DATA FOR THIS TASK:
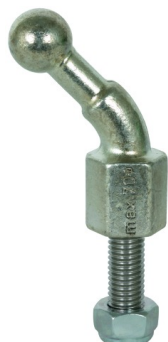
Fotografía no vinculante
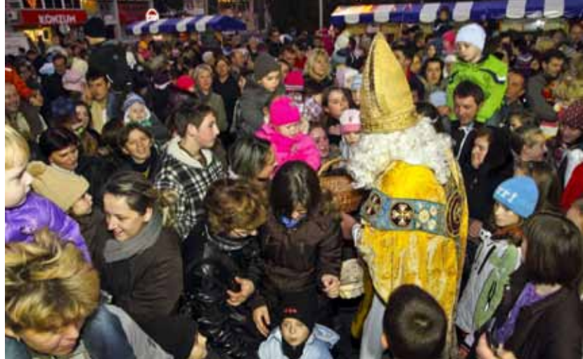
Djeca su radosno okružila sv. Nikolu

mladih i stažnjevečke Udruge za kulturu i sport te svima podijelili slatke darove. Doček su organizirali ivanečki Dječji vrtić Ivančice i Grad Ivanec, koji je pokrio troškove nabave tisu-
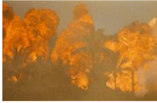
Apocalypse Now Francis Ford Coppola 1979
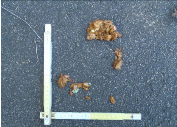
写真1 フン(内容物はリンゴ)
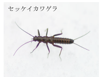
セッケイカワゲラ
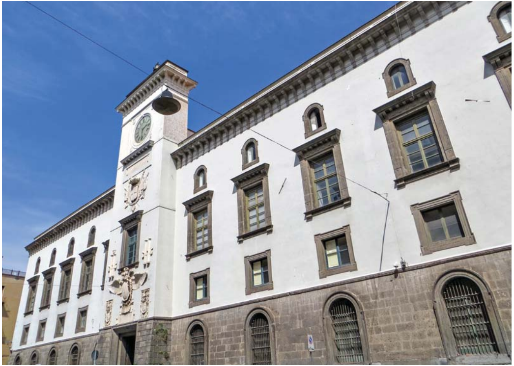
Castel Capuano – Ingresso in via dei Muzii

EXERCISE PROMPT: Lines starting at the one with "写真1 フン(内容物はリンゴ)" and ending at the last line of the entries above must be restated word for word, with pictures omitted.

SOLVED EXERCISE:
写真1 フン(内容物はリンゴ)
セッケイカワゲラ
Castel Capuano – Ingresso in via dei Muzii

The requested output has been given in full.